I'd like to post this as a letter, and private correspondence only. With perhaps a few random quotes thrown in.
(C) WSJ Co.
thoughts in an article by Kathryn M. Welling...Why Worry? (Sept. 221, 1998, Barron's)
"... Julian Robertson...owned up to paper losses (largely on bets against the yen) of about $2.1 billion, or about 10% of his hedge fund's assets, in just the first two weeks of this month -- on top of previously reported August losses of about $600 million on ruble-denominated bonds. Portfolio losses are something that Julian famously doesn't take lightly, and his fund's recent incursions into red-ink territory are no exception.....there'll be plenty more punishment to go around in the current market environment -- for both good and bad investors. "But only the good will survive." Julian left little doubt, to be sure, which camp Tiger is in.
...he has distinct ideas about who may not prove so lucky. And that he believes that the cultural fault lines in the brave new era of globalization -- so unceremoniously exposed amid the current upheaval in markets from Thailand to Brazil -- not only won't easily be papered over but still pose serious risks. In large measure, because of what might charitably be called a lack of candor about their losses on the part of some major financial institutions, particularly in Europe. The fascinating thing, Julian says, about the negotiations that resulted in what he ruefully calls the "agreement" Tiger hammered out to extricate itself from its ruble exposure was that they stalled for a painfully long time over the insistence, by the European banks involved, that they'd take only "non-tradable bonds." "Naive us," recounts Julian. "It finally dawned on us that what they wanted was something that couldn't be marked to market."
Deutschebank in particular has raised Julian's hackles. The German banking giant's supreme leader, he reports, has dismissed questions about losses on its Russian exposure as "rubbish." Which is rubbish indeed, says Julian. "We know they got killed."
How badly is something that a bank spokesman says it is not ready to discuss. But it strikes us that, in current conditions, questions about specific portfolios' exposures -- while packed with all the prurient interest of the Starr report -- are perhaps less significant than the "macro" impact they're having in deflating the global economy.
....Andrew Smithers' take on the issue... the exact dollars or yen or D-marks of damage is nigh impossible, says Andrew, whose London-based economic consulting group, Smithers & Co., advises international fund managers. Not much noticed while the only direction in which the markets traveled was up, it has become painfully apparent in the past year that the globalization of portfolio flows sped far ahead of the spread of "transparency" or adequate standards of disclosure to investors.
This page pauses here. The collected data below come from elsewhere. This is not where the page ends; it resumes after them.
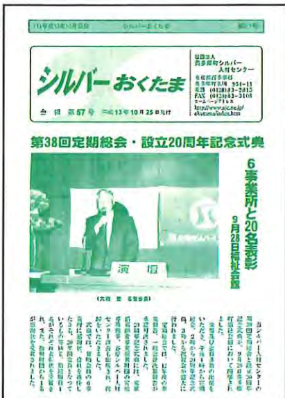
第57号 2001.10.25 発行
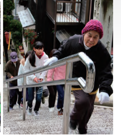
①高台への避難 / ②消防団員に誘導され移動する住民 / ③災害対策本部での情報収集
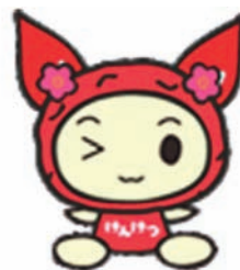
けんけつちゃん (紀州梅バージョン)

献血者が減少する冬期の輸血用血液の確保と医療機関へ安定的に血液製剤を供給するために皆様のご協力をお願いします。
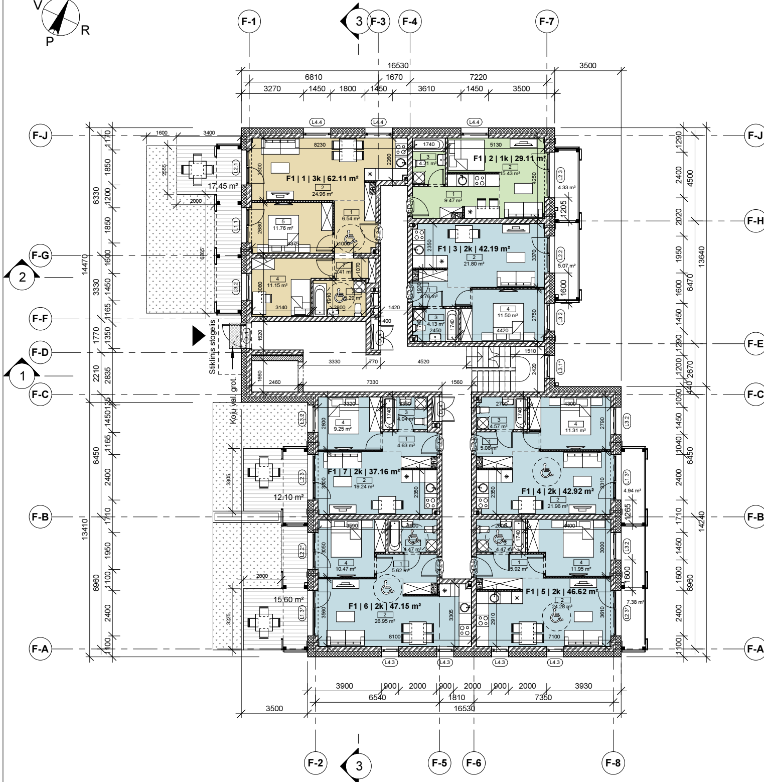
F1 | 1 | 3k | 62.11 m 2
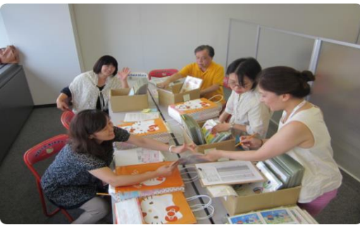
←準備を行うお手伝い隊のみなさん

私がインターンシップとして参加した8月5日には大崎の事務局や小田急百貨店町田店で8月19日には同じく大崎事務局にて「花と笑顔」こども絵画コンクールの準備が行われました。その際には多くのボランティア(通称お手伝い隊)のみなさんも協力してくれました。Facebookやメーリングリストなどを通じて毎回集められるお手伝い隊の皆さんは職業や年齢は違えど、それだけハロードリーム実行委員会の活動に賛同してくださっている証だと感じる瞬間でもありました。また、そういったさまざまな方面からやってくるお手伝い隊のみなさんをまとめる事務局の方々の姿も輝かしく見えました。
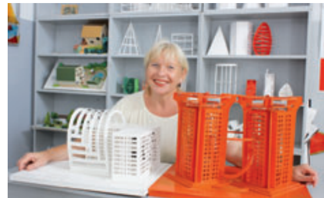
В художественной школе города

Третий год в городе проводится фестиваль-конкурс «Новороссийск – читающий город». В 2011 году при ЦГБ им. Горького открыт отдел «Молодежный про-
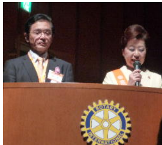
司会の若狭会員と井口会員
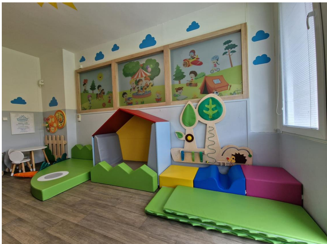
Realizace - Herna – Dětské a dorostové oddělení, Nemocnice Most
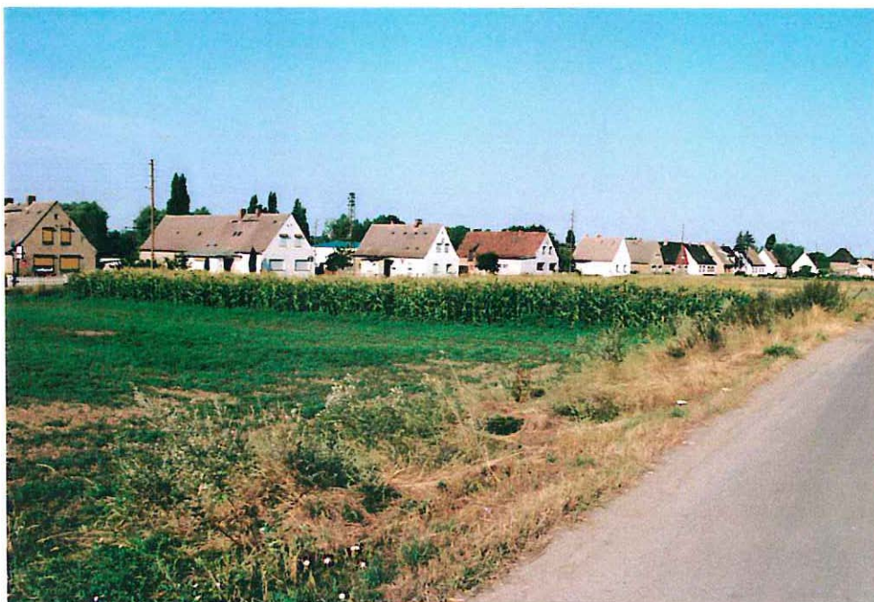
Abb.4: Kleinflächige Ackerschläge im Plangebiet, im Hintergrund einzeilige Häuserreihe an der B 185
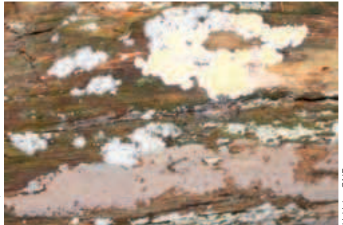
H. Voiry, ONF
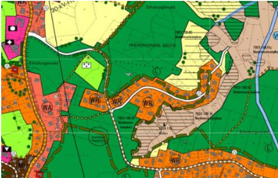
(Abb.5): Ausschnitt aus dem rechtswirksamen Flächennutzungsplan der Gemeinde Wörthsee mit dem Plangebiet.

Für das Gebiet gilt der rechtswirksame Flächennutzungsplan (FNP) der Gemeinde Wörthsee. Dieser stellt den Geltungsbereich als reines Wohngebiet (WR), Wald sowie Sukzessionsfläche, Feuchtgebiet dar (Abb. 5).
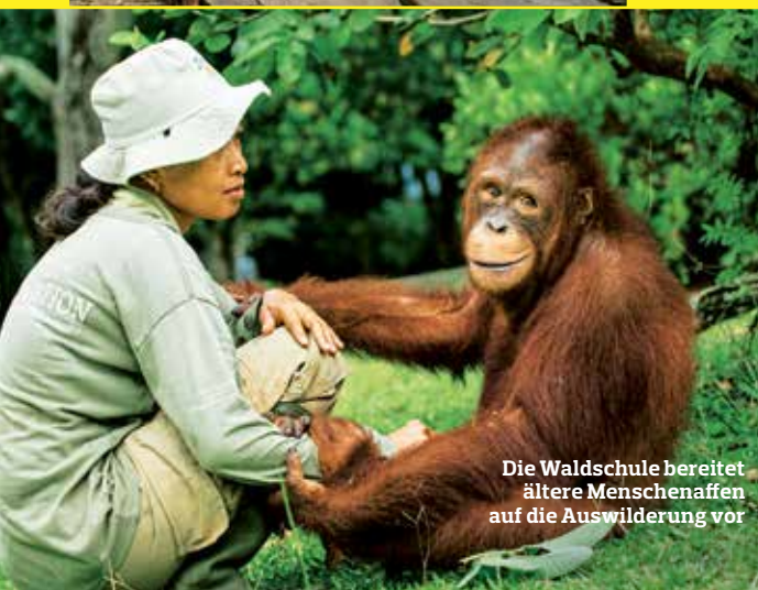
Die Waldschule bereitet ältere Menschenaffen auf die Auswilderung vor
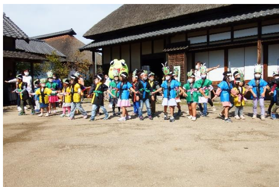
芸能発表（南畑幼稚園）
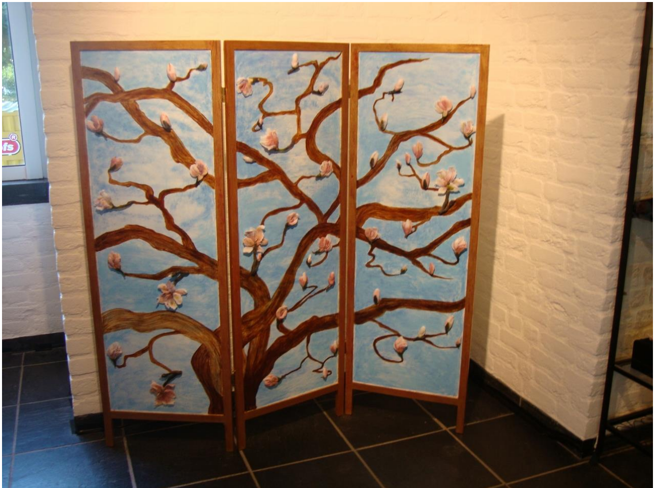
Danny De Mol, 'Tuin der Liefde'

Afmetingen: H 1320 mm x B 1680 x D 50 mm
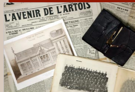
Dons aux Archives municipales

La promotion des richesses du patrimoine se traduit par l'organisation d'expositions, la sortie de publications... pour que les archives fassent partager l'Histoire.
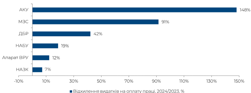
Рисунок 4. Зміна видатків на оплату праці в органах державної влади, які не проводять класифікацію посад у 2024 році, а застосовують умови, встановлені на 2023 рік

Також на рис. 4 наведемо зміну видатків на оплату праці в органах державної влади, які, відповідно до Закону України «Про Державний бюджет України на 2024 рік», не зобов'язані проводити класифікацію посад, а застосовують умови оплати праці, встановлені на 2023 рік.
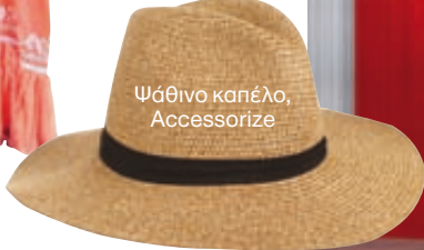
Ψάθινο καπέλο, Accessorize
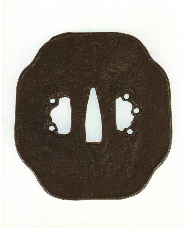
228 阿弥陀鑪鐺 銘 山吉 長木瓜形・打返耳・鉄地 江戸時代初期 厚さ3.4×縦85.0×横79.0mm
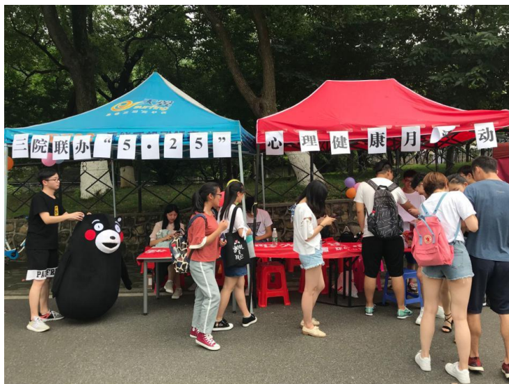
图 5 活动现场图片

本次心理健康月系列活动通过线上与线下的结合，将心理健康融入到同学们的生活中，通过笑脸传播、趣味问答等方式增加了同学们对心理健康的关注度，提高人们对大学生心理健康的认识。
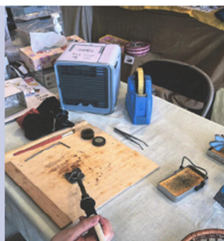
ワークショップの様子②

スタート部門を活用した後、一般部門に申請して 実施されている事業も数多くあります！
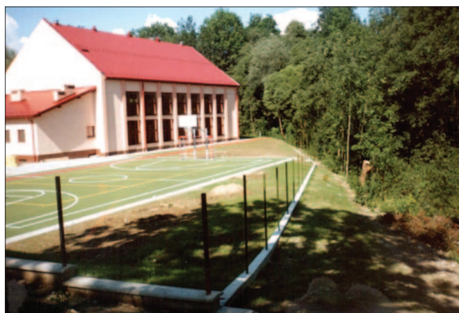
Lipiec, sierpień – trwają prace przygotowujące obiekt do użytku
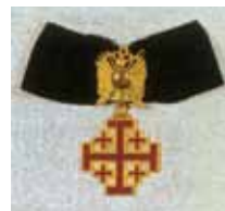
Insegne dell'Ordine del Santo Sepolcro di Gerusalemme

Nonetheless, some reasonable back-of-the-envelope estimates can be made. With world GDP at about $30 trillion, Andrew reckons -- based on the relationship between GDP and money supply in the G-7 industrialized nations -- that $30 trillion is also a workable estimate of the amount of money sloshing around the globe. From there, using a rough average of 5% Tier One capital, he arrives at a ballpark figure of $1.5 trillion of total equity capital in the global banking system.
Which certainly sounds like a comfortable cushion. Or is it? Says Andrew, "If current estimates are right and banks have lost $200 billion or so in the combination of recent events in Asia and Russia -- and Fitch has put a $100 billion number on Russia alone -- then the global banking system has probably suffered a contraction of its equity on the order of almost 14%. Which means we must either expect the banks to come to market for more capital -- or see a sharp contraction in their lending activities."
Neither, obviously, is an ideal background for world markets in present circumstances. What's worse, Andrew reckons, is that the $200 billion or so of hits the banking establishment has thus far owned up to could be just the beginning. Especially if "America's financial-asset bubble" pops. The reason: The financial system's immense leverage to derivatives.
Precisely how immense, Andrew ruefully admits, is unknowable.
Consistent reporting standards simply don't exist.
He ought to know. Andrew -- and Cambridge University economist Stephen Wright -- scoured the world looking for ways to get their arms around that information last fall. And he has kept looking, even after publishing their report, which illuminated, for his clients, the potential risk posed to the stock market by just one of the smaller elements of derivativedom: the equity options that have become a favorite instrument of fund managers intent on "neutralizing" market risk in their portfolios.
....It's ... likely that the phenomenal growth in the size of the options market will accentuate the magnitude of any crash set off by other forces. It's also likely to increase the size of the market's price discontinuities -- meaning the extent to which large price movements take place without permitting transactions at intermediate prices."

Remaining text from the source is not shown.